Pictures do not belong in your copy. Repeat all the other data exactly.

**MATERIAL PROVIDED:**
################
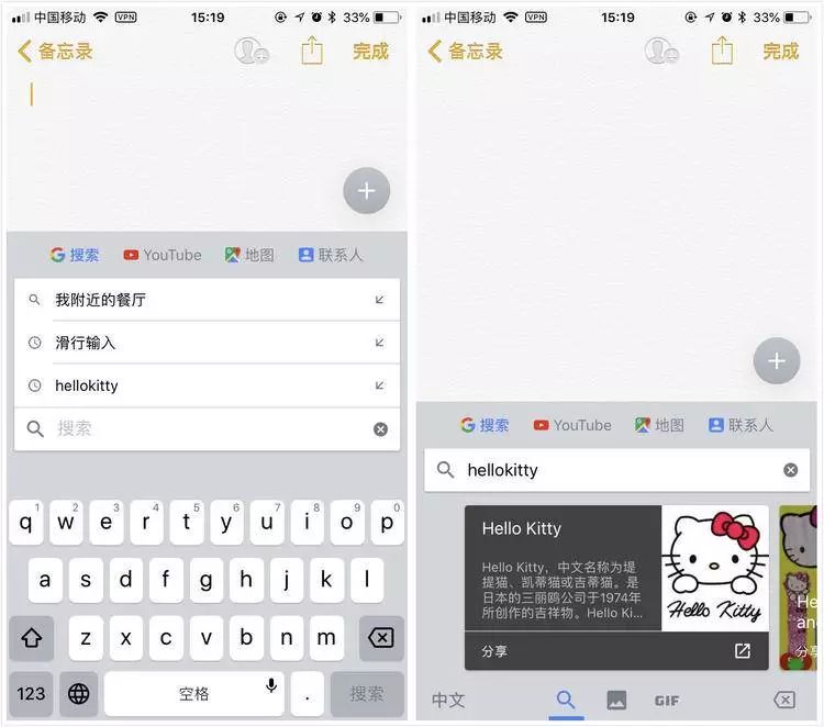 除了准确率很高的滑动输入,Gboard 上面还集成了很多 Google 的技术。最独特的就是加入了 Google 搜索按钮,直接输入文字可以翻译、输入关键词可以搜索,还可以查看天气、地点等信息。如果你愿意花费一些精力来搞定 Google 服务,Gboard 是个不错的选择。
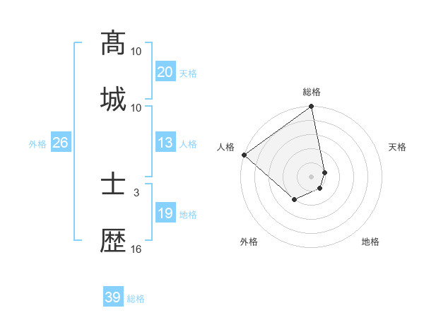 髙城 士歴さんの総格は39画の5点!
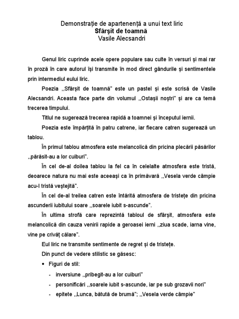 Sfarsit De Toamna De V Alecsandri
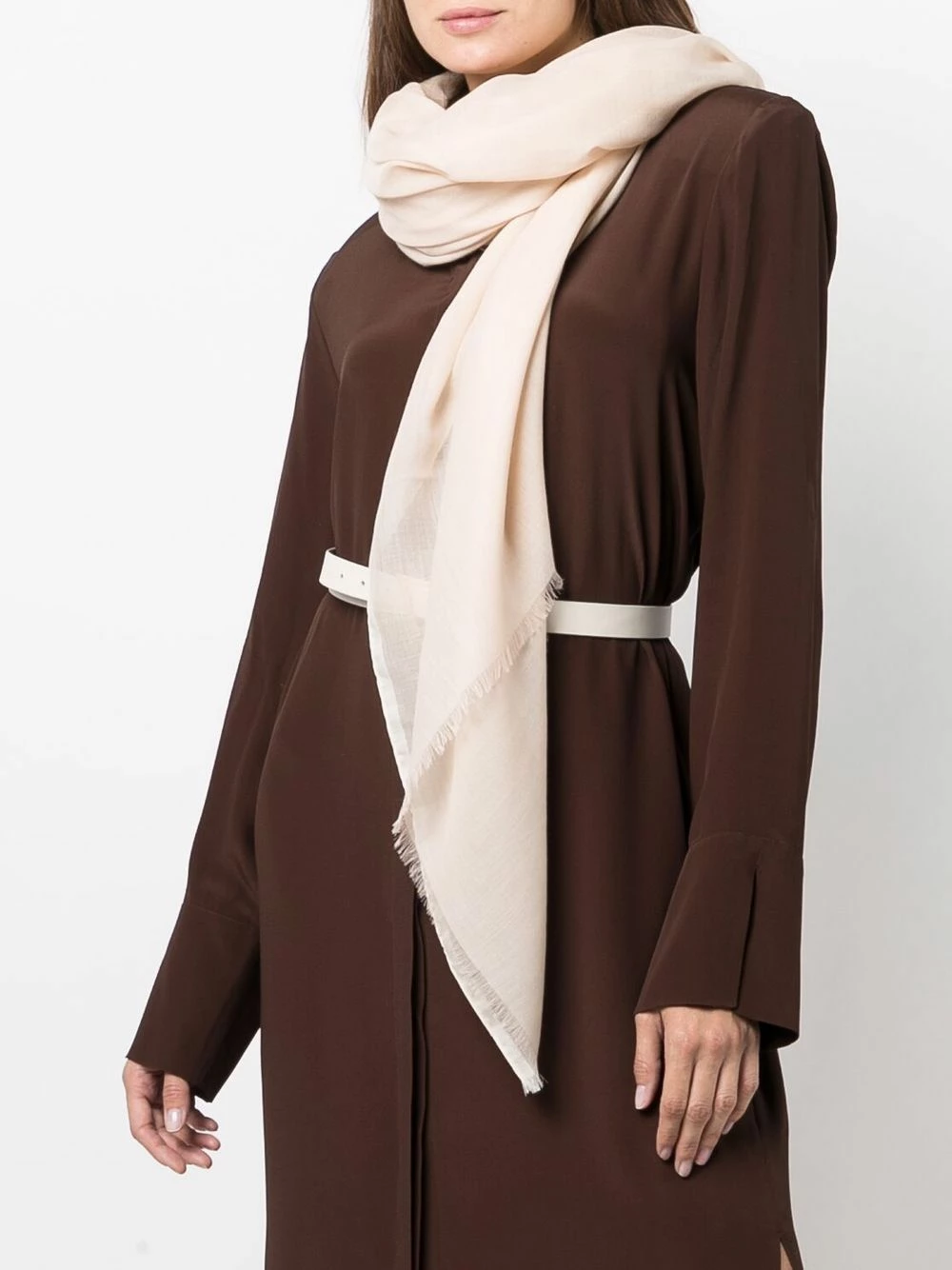 Design tricoté, logo brodé sur le devant, bord rayé, finition à franges. Couleur : rose.
################
**YOUR SOLUTION:**
 除了准确率很高的滑动输入,Gboard 上面还集成了很多 Google 的技术。最独特的就是加入了 Google 搜索按钮,直接输入文字可以翻译、输入关键词可以搜索,还可以查看天气、地点等信息。如果你愿意花费一些精力来搞定 Google 服务,Gboard 是个不错的选择。
 髙城 士歴さんの総格は39画の5点!
 Sfarsit De Toamna De V Alecsandri
 Design tricoté, logo brodé sur le devant, bord rayé, finition à franges. Couleur : rose.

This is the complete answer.